В ту ночь, прежде чем взять ее, он безжалостно отхлестал Красавицу ремнем. Он сказал, что ненавидит в ней малейшее отклонение от  совершенства. Она была посажена у стены на цепь и провела ночь в  плаче и страданиях.   Она опасалась новых страшных наказаний. Леди Джулиана намекала,  что в некотором отношении Красавица не более чем девственница и что  испытаниям ее подвергают чересчур медленно.  Боялась Красавица и лорда Грегори, всегда пристально на ней наблюдавшего. 
Однажды утром, когда она споткнулась на Верховой Тропе, леди  Джулиана пригрозила ей Залом Наказаний.  Красавица сразу же упала на четвереньки и стала целовать туфли  леди Джулианы. И хотя леди Джулиана тотчас смягчилась, улыбнулась и  игриво вскинула своими прелестными косичками, на лице стоявшего рядом лорда Грегори отразилось недовольство.  Сердце Красавицы больно трепетало в груди, пока ее вели приходить в чувства, мыться и причесываться. Мне бы только взглянуть на  Алексия, размышляла она. Однако в ее глазах он успел утерять некий  шарм; почему - она не знала. Даже лежа в тот день в постели, она  думала о Принце и о леди Джулиане. 
- Мои господа и хозяева, - шептала она про себя, теряясь в догадках относительно того, почему Леон не дал ей никакого снотворного, поскольку она вовсе не устала и, как всегда, томится страстью,  собравшейся у нее между ног в комочек.  Ей удалось отдохнуть не больше часа, когда к ней пожаловала леди Джулиана. 
- Мне самой не очень-то нравится эта затея, - сказала леди Джулиана, силком выводя Красавицу в сад, - но Его Высочество хочет,  чтобы ты посмотрела, как несчастных рабов отправляют в деревню.  Снова эта деревня. Красавица старалась скрыть свое любопытство.  Пока они двигались по дороге, леди Джулиана лениво хлестала Красавицу  кожаным ремнем. Удары были легкими, но обжигали.  Наконец они добрались до огороженного сада, сплошь засаженного  низкорослыми цветущими деревцами, и на каменной лавке Красавица увидела Принца, а рядом с ним - красивого юного господина. Тот что-то  горячо говорил Принцу. 

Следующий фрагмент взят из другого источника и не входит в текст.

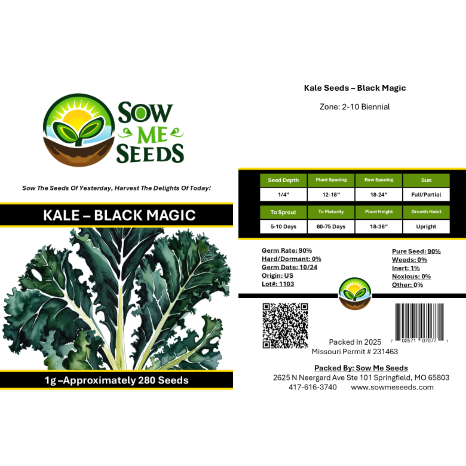 This dark-leaved heirloom kale is a heat-tolerant variety of Lacinato, offering rich flavor and stunning garden appeal. Black Magic Kale features long, deeply savoyed leaves that deepen in color as they mature β perfect for fresh salads, sautΓ©s, or crispy kale chips.

- Это лорд Стефан, - сообщила леди Джулиана, понизив голос. - С  ним ты должна быть крайне почтительна. Он является любимым кузеном  Принца. Кроме того, сегодня он весьма опечален. И причиной тому его  возлюбленный и непослушный принц Тристан.  "Ах, если бы мне только довелось увидеть принца Тристана", подумала Красавица. Она не забыла, как Алексий упоминал его, несравненного раба, понимавшего значение слова "подчинение". Выходит, он оказался причиной беспокойства? Она не могла не отметить про себя, что лорд  Стефан весьма красив. Златовласый, с серыми глазами и юным лицом,  отягченным раздумьями и невзгодами.  Его взгляд лишь на какое-то мгновение остановился на Красавице,  когда она приблизилась, и хотя ей показалось, что он отметил ее прелести, внимание его снова оказалось занято Принцем, который читал  ему строгую нотацию.

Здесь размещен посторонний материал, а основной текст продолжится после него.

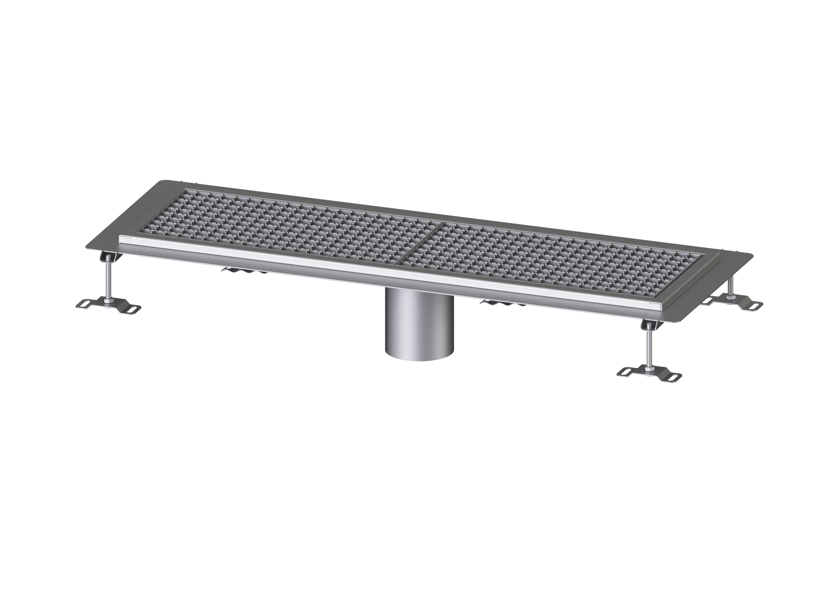Die Kastenrinne Ferrofix aus Edelstahl mit einer Materialstärke von 2,0 mm (im Tauchbad gebeizt) ist mit geschliffenen Sichtstegen, Längs- und Quergefälle, Standfüßen zur Höhennivellierung sowie mit Auslaufstutzten aus Edelstahl ausgestattet. Das Rinnenprofil ist passend für Abdichtung im Verbund und hat einen umlaufenden Kleberand (15 mm tief und 50 mm nach außen abgekantet) mit verschweißten Gehrungen. Der Klebeflansch ist geeignet zur Anbindung von Abdichtungen im Verbund, gemäß DIN 18534, für alle Wassereinwirkungsklassen.

- Ты пылаешь к нему слишком сильной любовью, как я - к принцессе, которую ты сейчас видишь перед собой. Ты должен обуздать свою  любовь, как я - свою. Поверь мне, я понимаю, даже когда осуждаю тебя. 

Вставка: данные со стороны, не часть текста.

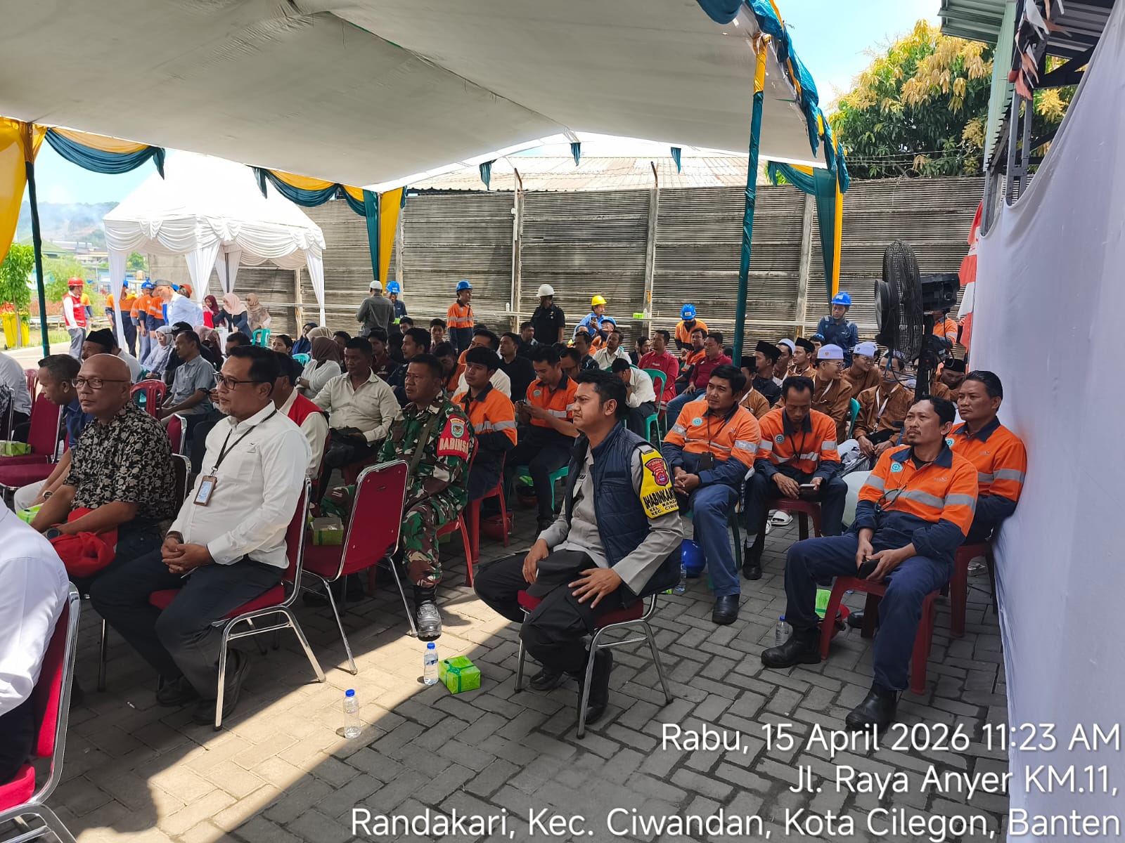Hadir pula Kasi Trantib Kec. Ciwandan Hebi beserta staf, Lurah Randakari dan Lurah Kepuh, perwakilan tokoh masyarakat Kec. Ciwandan, perwakilan RT dan RW Kel. Randakari dan Kel. Kepuh, serta karyawan PT JMR.

- Да, но деревня, - пробормотал юный лорд.   - Он должен идти, и это послужит ему только на пользу!
- О, бессердечный Принц, - прошептала леди Джулиана. Она подтолкнула Красавицу вперед, чтобы та поцеловала сапоги лорда Стефана,  а сама села рядом с братьями.
- Бедный принц Тристан пробудит в деревне все лето.  Принц взял Красавицу за подбородок и наклонился, чтобы сорвать  с ее губок поцелуй, что переполнило девушку расслабляющей мукой. Но она была слишком возбуждена всем услышанным и не отваживалась  ни единым движением привлечь к себе внимание хозяина. 
- Я должен тебя спросить... - начал лорд Стефан. - Ты бы послал  принцессу Красавицу в деревню, если бы почувствовал, что она этого  заслуживает? 
- Разумеется, - ответил Принц. Однако голос его прозвучал не  достаточно убедительно. - Я сделал бы это в то же мгновение. 
- О, Вы бы не смогли! - возразила леди Джулиана.  - Она этого не заслуживает и потому наш разговор ни о чем, -  заметил Принц. - Мы ведем речь о принце Тристане, а принц  Тристан, перенеся столько оскорблений и наказаний, по-прежнему, остается для всех загадкой. Ему нужен озноб в деревне точно так же,  как принцу Алексию понадобилась кухня, чтобы научиться унижению. 
Лорд Стефан выглядел очень обеспокоенным, а слова "озноб" и  "унижение" словно пронзили его. Он поднялся и попросил Принца проследовать за ним, чтобы более взвешенно рассудить это дело.
- Они отправляются завтра. Погода уже очень жаркая, и селяне  готовятся к аукциону. Я послал его ждать в саду пленников.
- Пойдем, Красавица, - сказал Принц, вставая. - Тебе будет полезно на это посмотреть и кое-что понять.  Красавица была заинтригована и последовала с охотой. Однако   холодность и строгость Принца вселили в ее душу беспокойство. Она  старалась держаться поближе к леди Джулиане, пока они шли по дороге  прочь из садов, мимо кухни и конюшен в обыкновенный грязный двор, в  котором она увидела большую телегу без лошадей, стоящую у стены,  окружавшей замок. 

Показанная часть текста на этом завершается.